DESCRIPTION OF THE TASK
After finding the line that holds "Even though I" below, set down that line and the rest through the final one exactly, leaving the pictures out.

DATA EXCERPT
- - - -

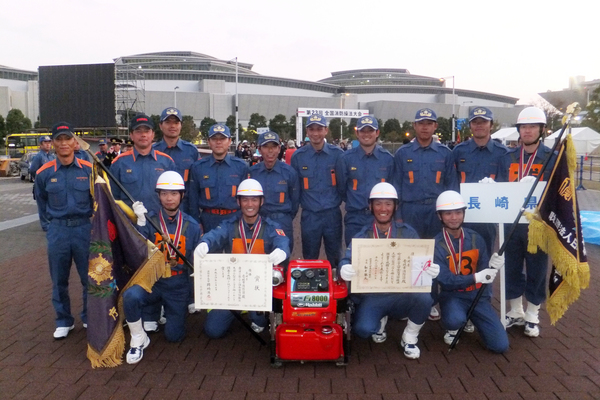 去る平成24年10月7日(日)東京都江東区、東京臨海広域防災公園で開催された第23回全国消防操法大会小型ポンプ操法の部において、壱岐市消防団が念願の初優勝を果たした。大会当日は悪天候で足元が滑りやすく心配されたが、安全・確実・迅速な操法を展開し見事全国の消防団の頂点へと輝いた。 この結果に驕ることなく、これからも地域住民の安心・安全を守るために壱岐市消防団一同尚一層邁進していく所存であります。 この大会に際し、ご支援ご協力をいただいた関係者の皆様方には心よりお礼申し上げます。多大なるご声援ありがとうございました。
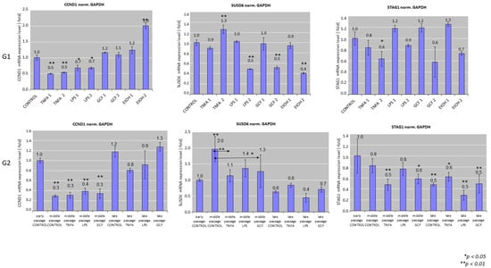 Real-time polymerase chain reaction (PCR) analysis of the expression of senescence-related genes, including CCND1, SUSD6, STAG1 in HGFs cultures exposed to several pro-inflammatory signals, including LPS, TNFa, and GCF. Human Gingival Fibroblasts (HGFs) without treatment were used as controls and GAPDH as the housekeeping gene for this assay. EtOH was used at G1 setup as positive control group. Real-time PCR values are means ± standard deviations of three independent setups in duplicates (* p < 0.05, ** p < 0.01 compared with control untreated cultures). The double arrows (G2) indicate statistically significant differences between groups expanded in the same passage.
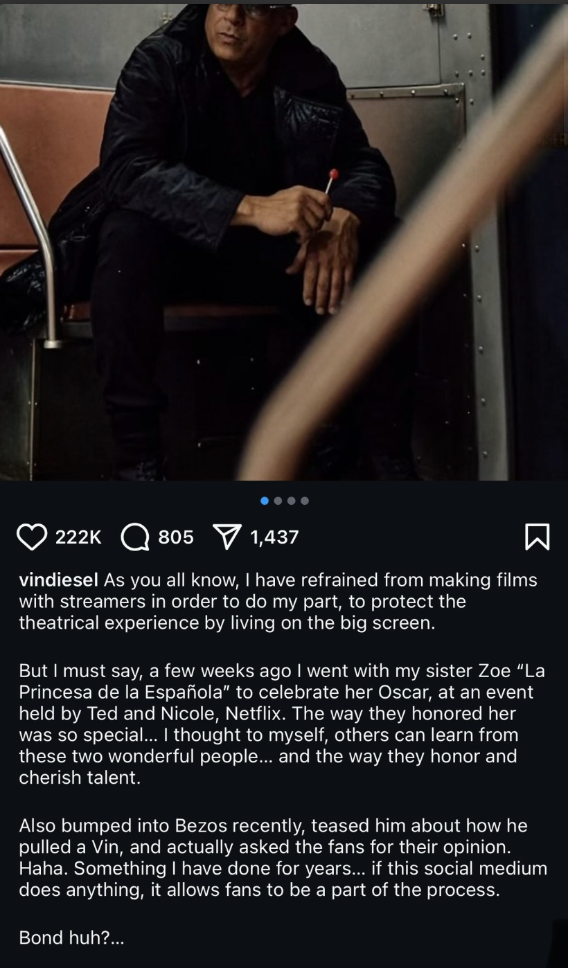 Even though I think Jeff Bezos is tacky, he has the ability to do the funniest thing ever and cast Vin Diesel as James Bond. Vin posted about it and then changed the caption to a Kojak reference – I have no idea why. How could I possibly explain this.
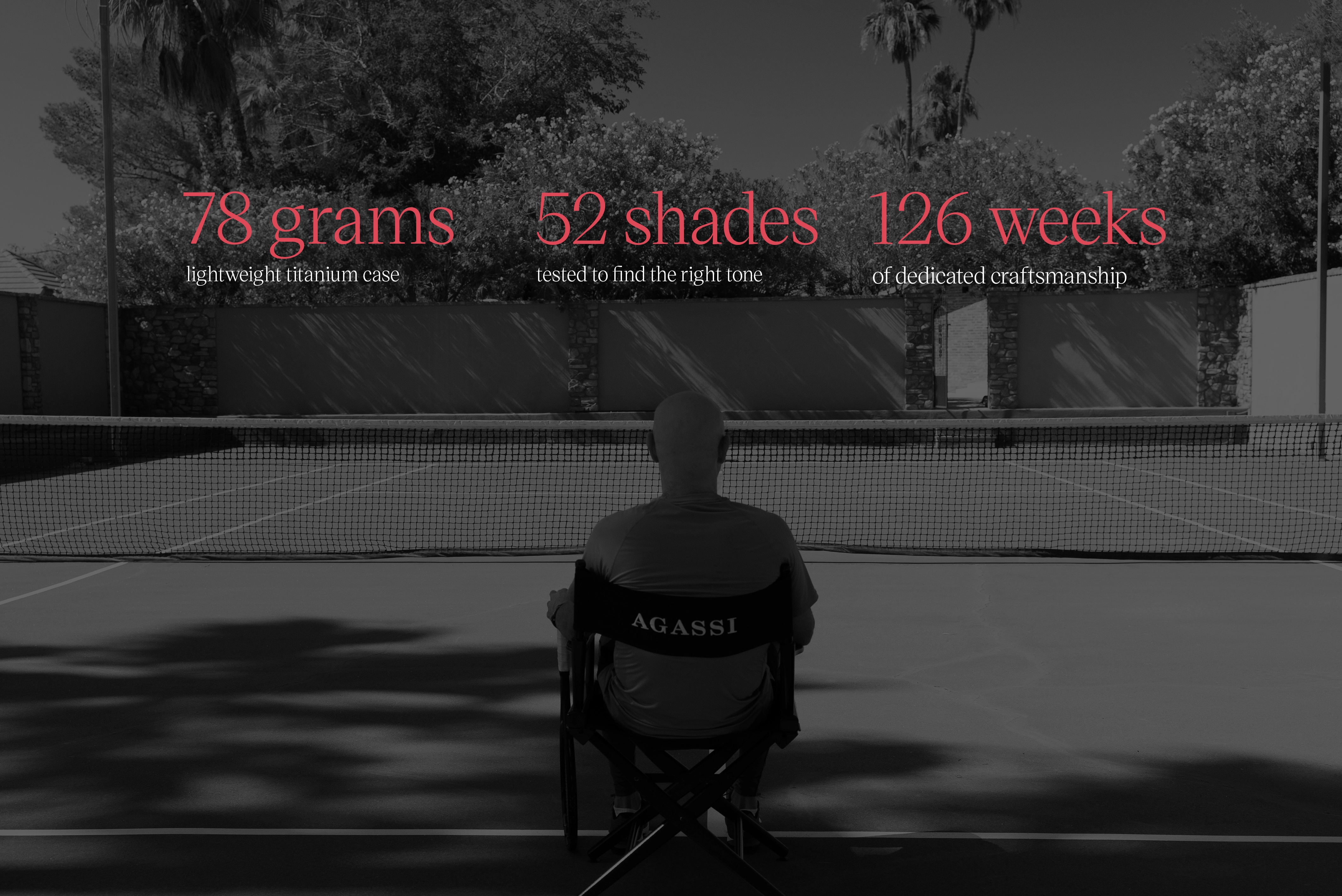 To reduce reflections and give Agassi the freedom to fully express his game, we crafted a titanium case with an ultra-light Tytalit® treatment. It delivers lightness and comfort, while ensuring reliability and strength.

- - - -

ANSWER AREA
 Even though I think Jeff Bezos is tacky, he has the ability to do the funniest thing ever and cast Vin Diesel as James Bond. Vin posted about it and then changed the caption to a Kojak reference – I have no idea why. How could I possibly explain this.
 To reduce reflections and give Agassi the freedom to fully express his game, we crafted a titanium case with an ultra-light Tytalit® treatment. It delivers lightness and comfort, while ensuring reliability and strength.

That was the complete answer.